If you are a writer or an artist or a poet or a playwright or any other kind of culture worker who can probably work overseas, anywhere, India or Ireland, Japan or China, remotely, you may want to consider moving out of the United States and becoming an expat.

Remember the earlier waves of U.S. expats, including the famous Americans in Paris in the 1920s, who moved because they felt, for various reasons, that the U.S. was no longer their country and that they would be more free to live and work in a different culture. Today, from Paris (it’s still there!) to Prague, from Taipei to Tianjin, from Mumbai to Mont Saint Je Ne Sais Pas, American expats are finding work and love and meaning overseas. Sure, they still travel on a US passport, and sure, they still love America in their own way. But fed up with life in their mother country, they have ventured overseas to find adventure and meaning in other cultures.

As Paul Karl Lukacs, the Nomad Lawyer, says: The U.S. today may have reached that point for people who believe that they do not give up their rights when they choose to travel.
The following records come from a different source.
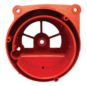
Pressure Compensation Adapter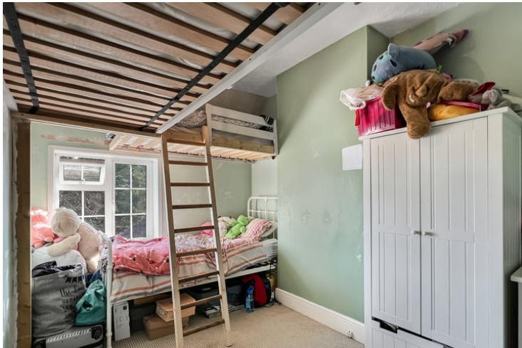
13' 0" x 8' 9" (3.96m x 2.67m) With window to rear aspect, radiator.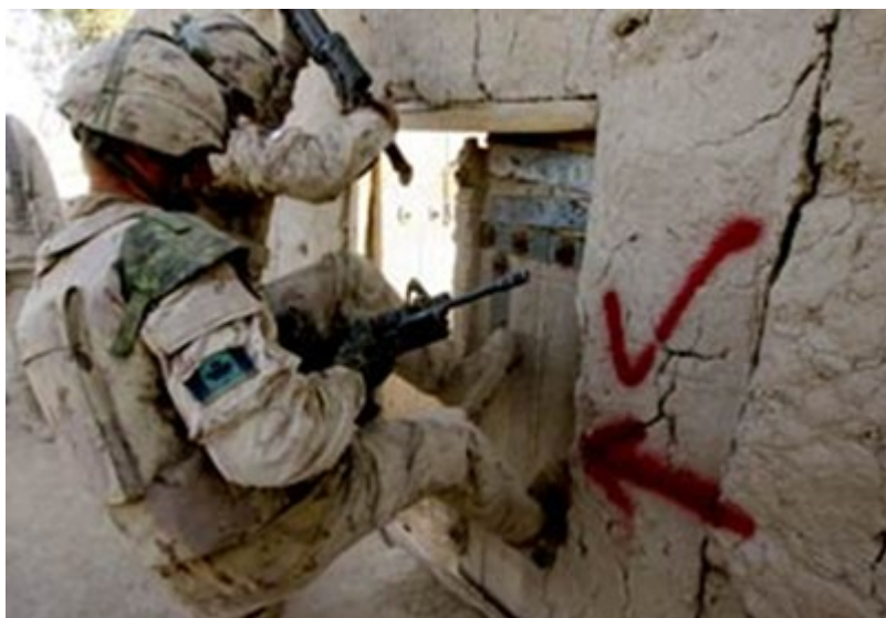
Figure 5. Canadian occupation forces kick down a door in the village of Pashmul, south west of Kandahar in September 2006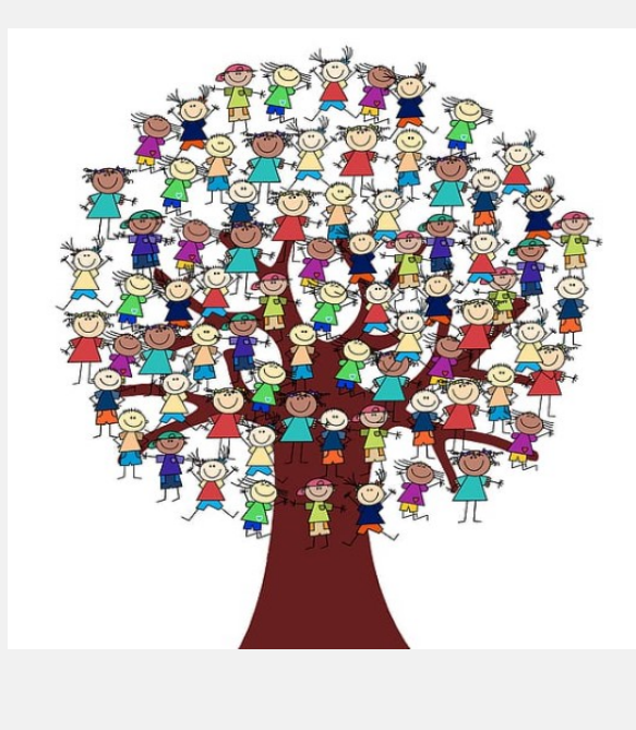
Support Board Policy Committee Work, Trustee Book Study, and Board Advocacy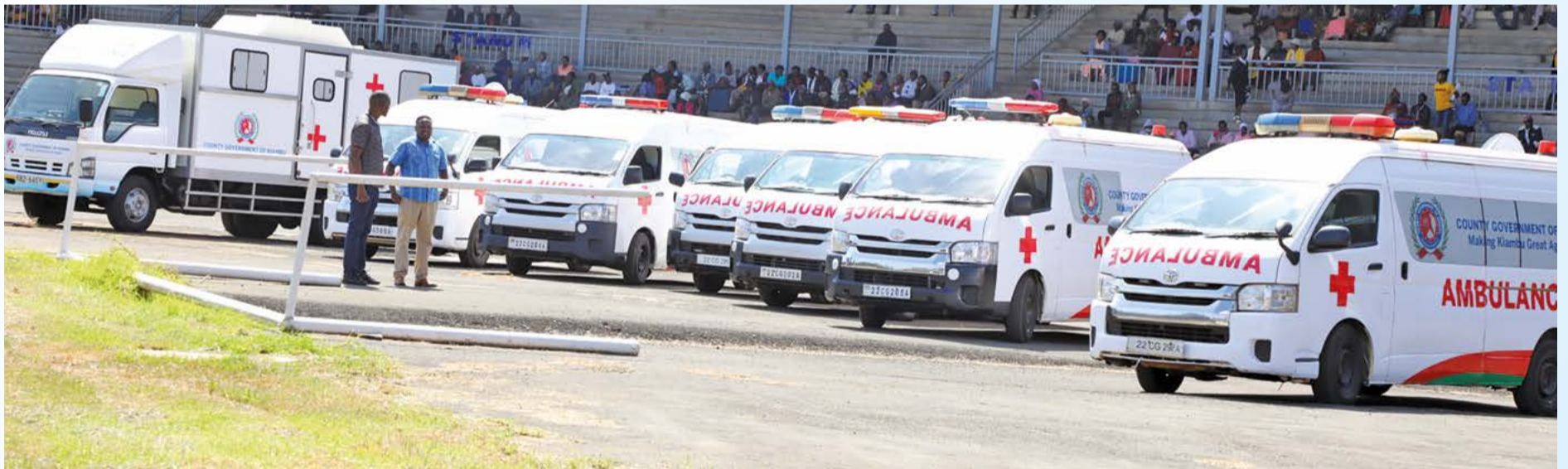
Kiambu County has rehabilitated over ten ambulances and is acquiring six new ones to boost the healthcare system.

Stalled projects are back on track in Tigoni, Bibirioni, Wangige, Lari, and Thogoto hospitals, with contractors dedicated to completing them," he remarked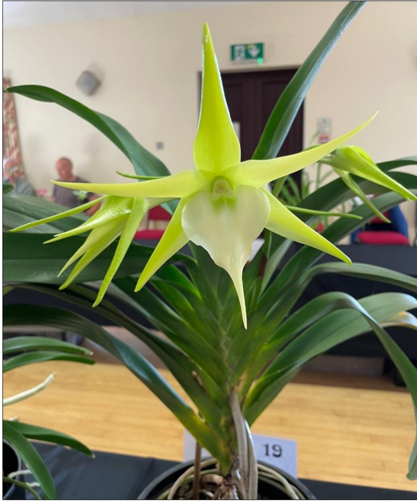
Eddie's Class 19 Angraecum Crestwood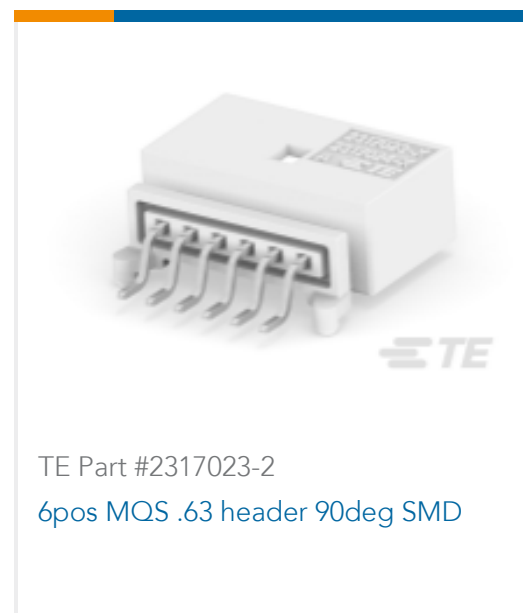
TE Part #2317023-2 6pos MQS .63 header 90deg SMD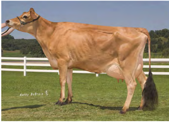
ALL LYNNS MAXIMUM VALERIE-ET, VG-80% GREAT-GRANDAM OF LOT 4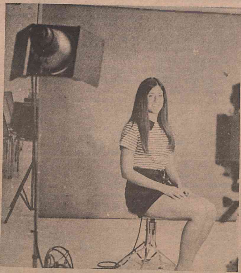
POSES FOR YEARBOOK PICTURE

Students have been able to look at their proofs in the Student Union for the past week. Pictures to be shown in the student section of the annual were chosen by the students.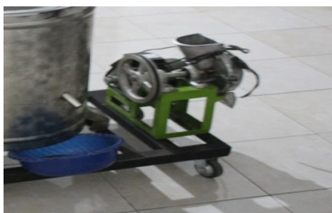
Figure 5. Construction Equipment Second-performance chopper Onion

Onion chopper tool made of angle iron, plate sainlist, cutting blades, magneto, capacitor, as. Use of the tool dynamo enabled in order to work automatically without using manpower, in addition to the use of dynamo makes the processing time becomes faster. Onion chopper tool uses two blades for cutting onions, it is intended that the results of the pieces of onion has a diameter of great thinness.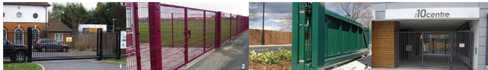
1. Automatic sliding gate 2. Mesh gates and fencing 3. Manual sliding gate 4. Manually operated swing gates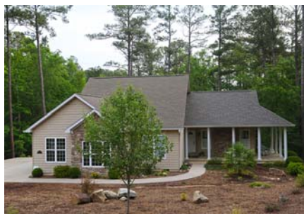
203 Hummingbird Under Contract Interior $259,000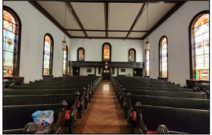
SANCTUARY FROM FRONT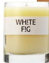
Slow-burning love An Archipelago Botanicals delectable soy wax blend. White Fig candle , from $42.95, Kit Cosmetics.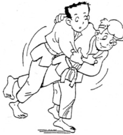
UCHI - MATA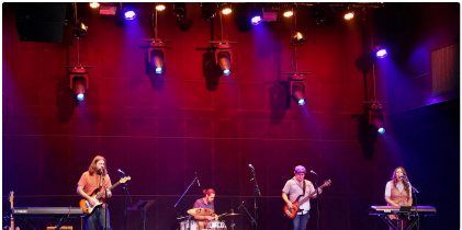
Spotlight Central in Spotlight Central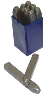
P355 Number Punches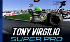
TONY VIRGLIO SUPER PRO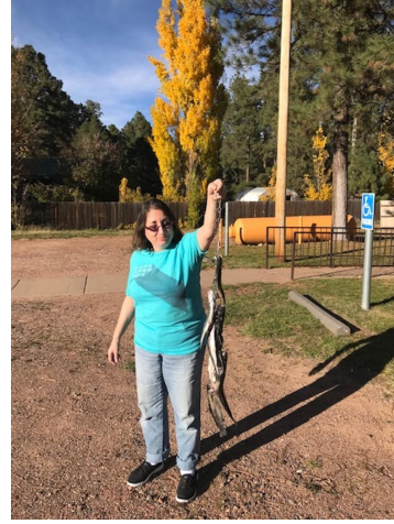
My fishing haul from Woods Canyon Lake, AZ

A cybercriminal group called TA577 uses updated Qbot malware that opens emails and steals data within seconds of infecting Outlook.

The vast majority of Americans do not care, because they only fly once every 18 months, and, on those packed holiday weekends, the TSA suspends its more onerous procedures to avoid wide-spread rebellion.”

”When I travel around China, I am treated with more dignity and respect than when I travel around the USA — and China is a police state.”

To an American woman in her mid-40s, who was “raped” by a TSA attendant at an airport in 2011, he counselled: ”I’m sorry you had to go through that, and making the TSA clerks feel bad about staying in their obscene jobs is the right move, but you may want to consider moving.”

”Your blog about the TSA assault by a female TSA clerk would be just as interesting if you write it from a patio on Bali.”